Scott Irvine, Nulogx’s vice-president of business development, says monitoring price changes should enable carriers as well as shippers to remain competitive.
“I don’t know about you, but with the current economic climate there has been a lot of attention focused on the Dow-Jones and the TSE and somebody said wouldn’t it be great if there were an index for freight costs?”
Hence, the CFGI, which went live this week. Check out www.cgfi.ca
The morphing database is based on more than $750 million per year in transportation transactions that Nulogx customers engage in and it’s available, for free, to anybody who logs in. The information will be updated monthly.
And the first news in from the new CGFI: Prices have dropped more than 13 percent since July 2008, and 7.8 percent in the first five months of 2009.
However, absent fuel surcharges, the index for base freight costs has increased one percent since July 2008 and 0.7 percent in the first five months of 2009.
The CGFI was developed with the assistance of Dr. Alan Saipe, president of Supply Chain Surveys, Inc.
Saipe has been a long-time analyst and observer of the transportation and logistics industry.
Says Saipe, "Nulogx has been able to leverage its extensive database of more than two million annual transactions to develop a unique insight into Canada’s freight market.
"In the first seven months of 2008, general freight costs rose significantly, driven up by increases in both freight rates and fuel surcharges. Then the realities of the slowing economy in both Canada and the US began to take over.
“The result brought total freight costs down by 13.4 percent from their peak in July 2008," continued Saipe.
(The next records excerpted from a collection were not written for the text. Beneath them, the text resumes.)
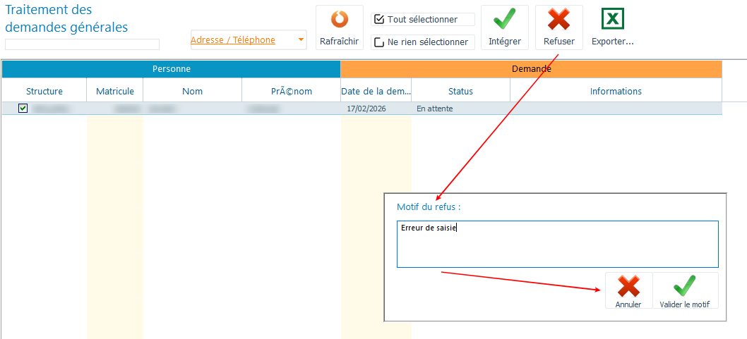 Si vous désirez refuser une ou plusieurs demandes, il vous faut sélectionner ces dernières et cliquer sur le bouton "Refuser".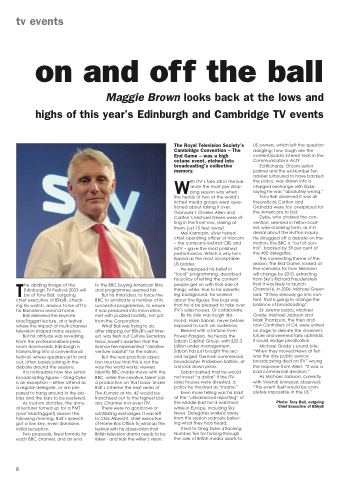 He expressed his belief in “local” programming, described his policy of letting the content people get on with that side of things, while, true to his advertis- ing background, he worried about the figures. The buzz was that he’d be pleased to take over ITV’s sales houses. Or collaborate.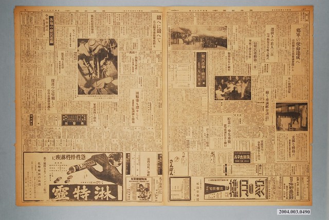 此物件為1942年5月3日出版的《興南新聞》第4052號,物件篇幅為單張,共計2版(第1、4版)物件內容要目計有:〈マンレダレ-を攻略 英、蔣聯合軍を隨所に擊滅 軍事據點完全に崩壞〉、〈アワングを占領 コタバト南方の要地〉、〈獨、伊兩巨頭が會談 確固たる決意を新に〉、〈新人奮戰の跡 第一日開票の結果〉、〈內外地の指定產業 綜合的體制に整備〉、〈局營バス南迴線 近く道路補修に着手〉、〈日滿支に於ける 食糧の自給對策〉等。 興南新聞社,前身為臺灣新民報社,為日治時期臺灣人創刊的重要報紙之一。在前身《臺灣民報》時期,便自詡為「臺灣人唯一的言論機關」,在當時的政治運動脈絡裡有重要地位。後在1930年,《臺灣民報》更名為《臺灣新民報》,並於1932年改為日刊發售。1941年,在日本帝國發動南向政策的時局下,《臺灣新民報》改名為《興南新聞》,同時批判政府的言論趨緩。之後,《興南新聞》與其他5份報刊在1944年被臺灣總督府整併為《臺灣新報》。 日治時期的報紙刊行十分困難。日本政府於1883年 發表「新聞紙條例」,對國內報章出版以「許可制」、「保證金」加以規範,「新聞紙條例」大幅限制報章出版,使得64家報刊被迫停辦,是以被日本史家稱為「新聞撲滅法」。而在日治時期臺灣,在殖民地統治專法《六三法》中此條例被沿用,限制臺灣創報。無法負荷的保證金、許可制的箝制、禁刊事項的不清楚、警察的干涉等種種,都使臺人辦報十分困難。到了1937年,在戰爭時期新聞管制之下辦報更加困難(王天濱,2002。78-86)。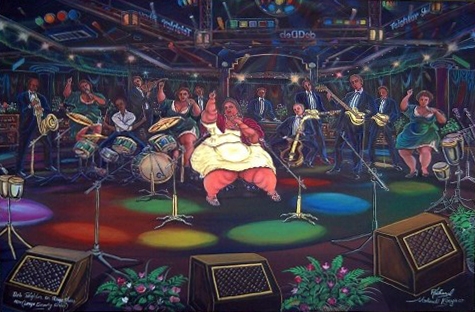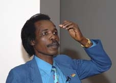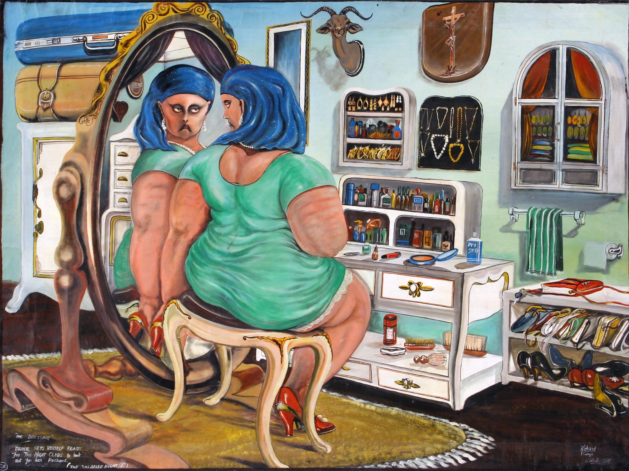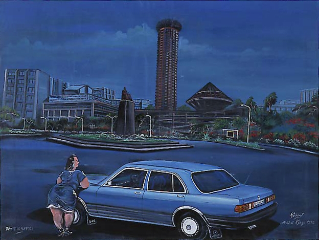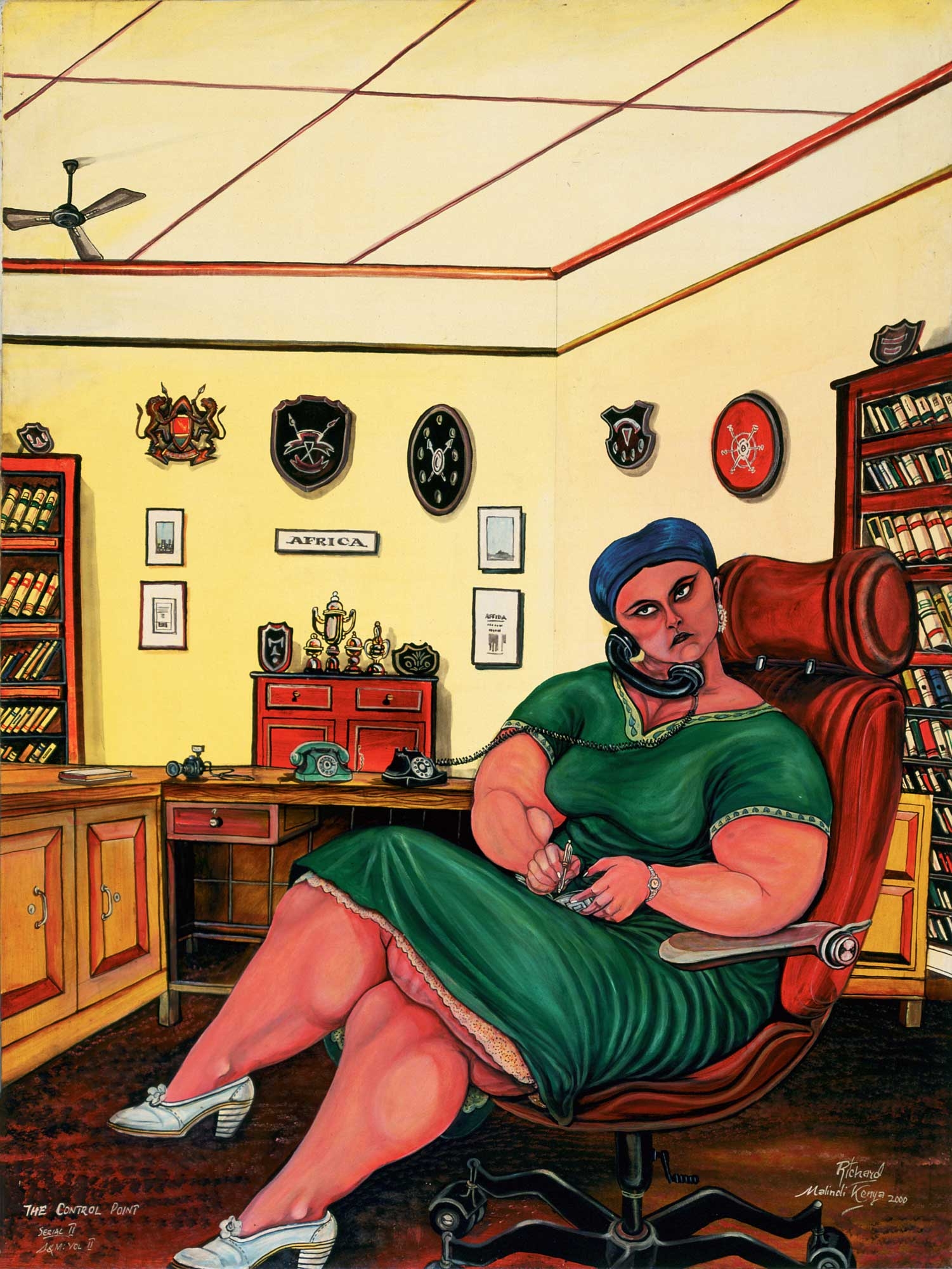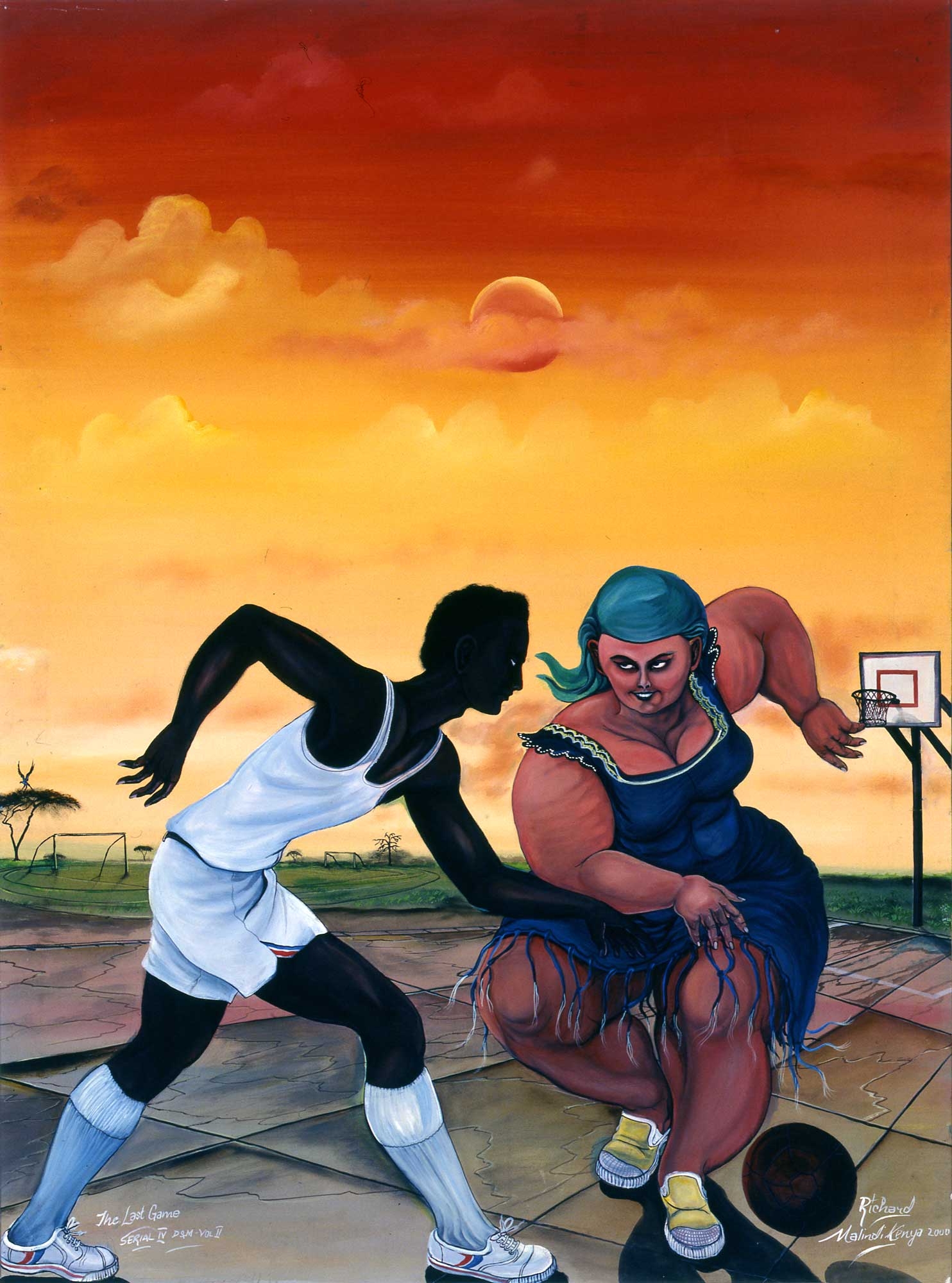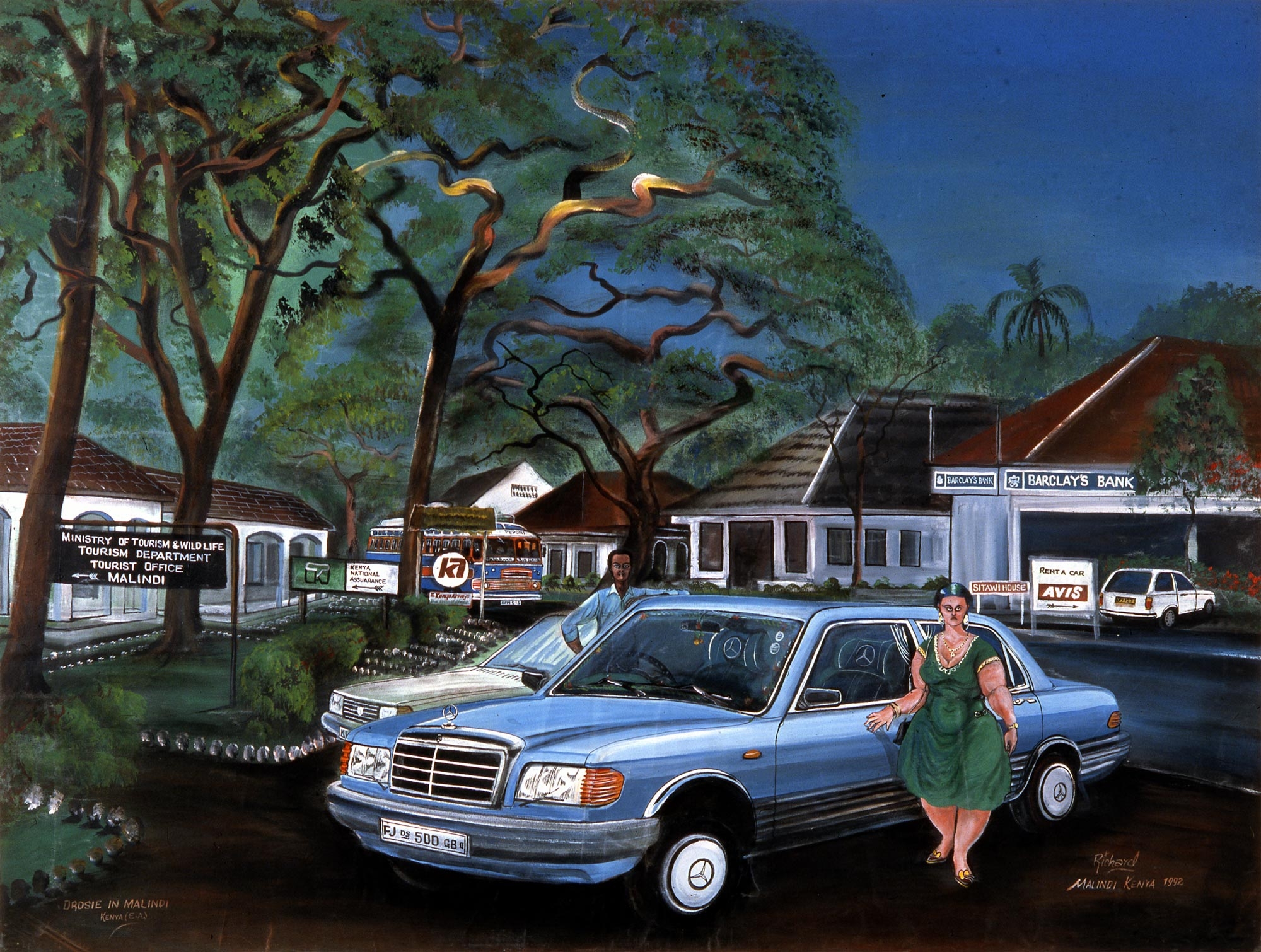 These elements are still present in Onyango’s paintings today. He frequently chooses to depict situations that waver between the exaltation of imported technology and its fragility. Accidents, warnings, calls for prudence reveal a world constantly threatened by disaster and the unforeseeable. Like many contemporary African artists, Onyango’s pictorial language is characterized by its great legibility. Rather than evidence of primitivism, this legibility demonstrates the importance Onyango accords to representation as a means of direct communication. The unreal theatricality of his work similarly engages the spectator: the distortion of perspective and form and the moody tonality of the heightened palette dramatize the painting’s relationship with the spectator, who in turn becomes a helpless or complicit participant in the events described.

According to Irvine, carriers will be in a position to benefit from the CGFI when prices are in an upward trajectory. Alas, when they’re going downward, it’ll be shippers who hold the wild cards. If general market prices are increasing and a carrier’s rates are not, it provides an indication that maybe they are not getting all the gains that are available to them.
"On the other hand, if market rates are decreasing," he says. "I think we can expect shippers to become more demanding as well.
“Whatever the timing, I think it’ll always be advantageous to know as much about the competition as possible."